● Problem details
Below are entries; repeat exactly, and nothing else, the lines from the one holding "Pour acquérir la" through the one holding "수요예측 참여 건수는", inclusive. Leave the pictures out.

++++ Excerpted records

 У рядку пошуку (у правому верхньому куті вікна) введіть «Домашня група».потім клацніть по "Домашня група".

++++++++
++++ Excerpted records

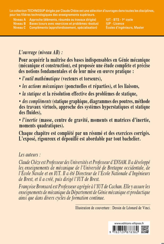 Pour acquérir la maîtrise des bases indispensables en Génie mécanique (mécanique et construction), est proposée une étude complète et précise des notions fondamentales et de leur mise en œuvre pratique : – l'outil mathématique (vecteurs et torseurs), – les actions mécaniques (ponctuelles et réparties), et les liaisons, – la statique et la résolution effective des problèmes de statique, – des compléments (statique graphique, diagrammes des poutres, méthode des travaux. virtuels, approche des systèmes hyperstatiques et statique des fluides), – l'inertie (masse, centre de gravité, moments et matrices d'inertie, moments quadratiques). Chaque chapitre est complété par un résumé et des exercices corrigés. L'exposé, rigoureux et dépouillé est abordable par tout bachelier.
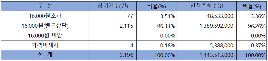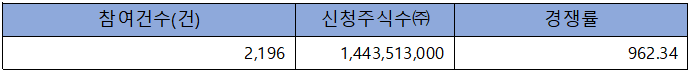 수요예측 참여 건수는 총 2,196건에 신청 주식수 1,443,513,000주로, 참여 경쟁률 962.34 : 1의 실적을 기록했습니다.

++++++++

● Output of the exercise
 Pour acquérir la maîtrise des bases indispensables en Génie mécanique (mécanique et construction), est proposée une étude complète et précise des notions fondamentales et de leur mise en œuvre pratique : – l'outil mathématique (vecteurs et torseurs), – les actions mécaniques (ponctuelles et réparties), et les liaisons, – la statique et la résolution effective des problèmes de statique, – des compléments (statique graphique, diagrammes des poutres, méthode des travaux. virtuels, approche des systèmes hyperstatiques et statique des fluides), – l'inertie (masse, centre de gravité, moments et matrices d'inertie, moments quadratiques). Chaque chapitre est complété par un résumé et des exercices corrigés. L'exposé, rigoureux et dépouillé est abordable par tout bachelier.
 수요예측 참여 건수는 총 2,196건에 신청 주식수 1,443,513,000주로, 참여 경쟁률 962.34 : 1의 실적을 기록했습니다.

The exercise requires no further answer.